→ **Problem description**:
Your copy should begin at the line containing "接下来我们看到的一组照片为S" and end at the last line of the records; transcribe those lines exactly and leave out every picture.

═══ Record excerpts ═══

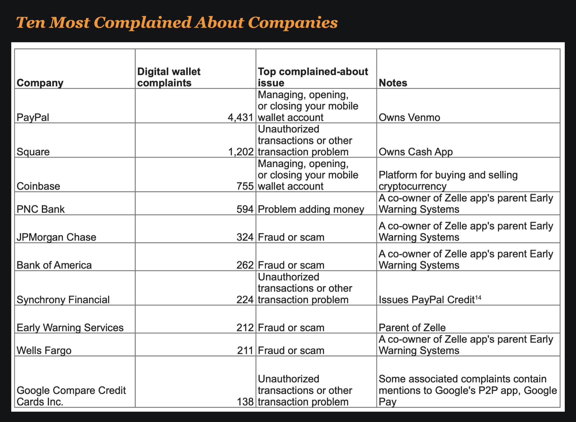 The report found that the top 10 most-complained-about companies accounted for 90 percent of all 9,277 digital wallet complaints, led by PayPal (which also owns the Venmo app), Square (which owns Cash App) and Coinbase, a cryptocurrency trading platform. Americans also complained a lot about several big banks, including PNC Bank, Chase, and Bank of America, (which are some of the co-owners of Early Warning Systems, the parent of Zelle, a leading P2P app).
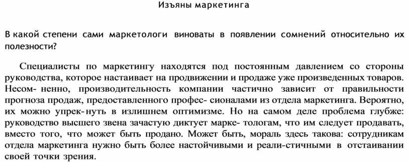 Специалисты по маркетингу находятся под постоянным давлением со стороны руководства, которое настаивает на продвижении и продаже уже произведенных товаров. Несом ненно, производительность компании частично зависит от правильности прогноза продаж, предоставленного профес сионалами из отдела маркетинга. Вероятно, их можно упрек нуть в излишнем оптимизме. Но на самом деле проблема глубже: руководство высшего звена зачастую диктует марке тологам, что им следует продавать, вместо того, что может быть продано. Может быть, мораль здесь такова: сотрудникам отдела маркетинга нужно быть более настойчивыми и реали стичными в отстаивании своей точки зрения.
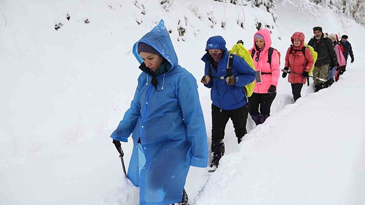 Bolu''da 23 doğasever, kar kalınlığının 70 santimetreyi aştığı 9 kilometrelik orman parkurunda yürüdü.
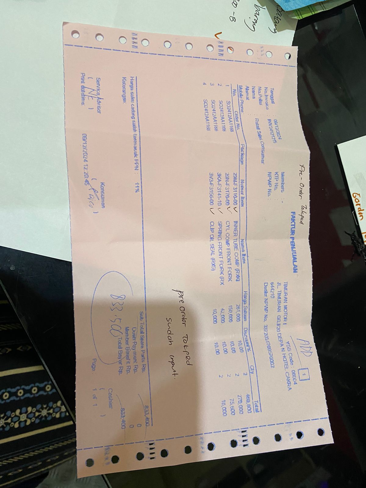 | 2 Pcs | YMHCCFF001 29 CYL COMP FRONT FORK - (Pcs) | Rp. 150,000 | Rp. 300,000 | 10 % | Rp. 30,000 | Rp. 270,000 |
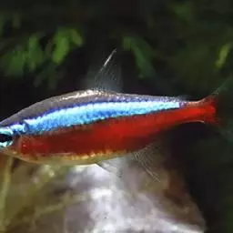 宝莲灯,学名阿氏霓虹脂鲤,也叫红莲灯、新日光灯鱼、新红莲灯鱼。是鲤形目、脂鲤亚目、脂鲤科,霓虹脂鲤属的一种重要观赏鱼,原产于南美洲亚马逊河流域。体纺锤形。体长约在4~5厘米,体表两侧各有一条绿带和一条红带,由眼部平行地延伸到尾柄处。红色带宽,几乎占满了整个腹部。较红绿灯颜色更艳丽,因而更名贵。
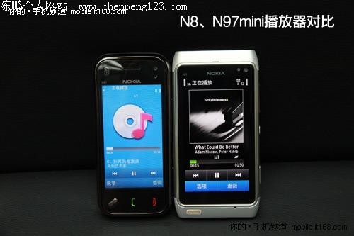 接下来我们看到的一组照片为Symbian^3与S60第五版之间的多媒体功能对比。其中在音乐播放器方面。两个系统平台都支持唱片封面显示,但N8提供了像iPhone一样的封面预览图滑动检索功能,在下面的视频中你会看到。
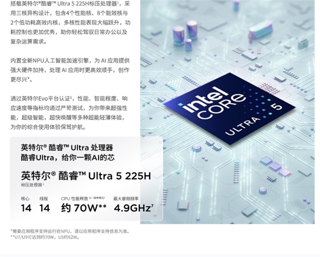 ThinkBook 14+ 2025 AI全能本搭载了英特尔酷睿™Ultra 5 225H标压处理器,并通过了严苛的英特尔Evo平台认证。这意味着它具备了超能电力、超快唤醒、超强性能等特质。其核心14线程的配置,在约70W的强劲性能释放下,无论是处理复杂的多任务办公、运行专业软件,还是进行初步的AI计算和内容创作,都能做到游刃有余,流畅自如。

═══

→ **Response box**:
 接下来我们看到的一组照片为Symbian^3与S60第五版之间的多媒体功能对比。其中在音乐播放器方面。两个系统平台都支持唱片封面显示,但N8提供了像iPhone一样的封面预览图滑动检索功能,在下面的视频中你会看到。
 ThinkBook 14+ 2025 AI全能本搭载了英特尔酷睿™Ultra 5 225H标压处理器,并通过了严苛的英特尔Evo平台认证。这意味着它具备了超能电力、超快唤醒、超强性能等特质。其核心14线程的配置,在约70W的强劲性能释放下,无论是处理复杂的多任务办公、运行专业软件,还是进行初步的AI计算和内容创作,都能做到游刃有余,流畅自如。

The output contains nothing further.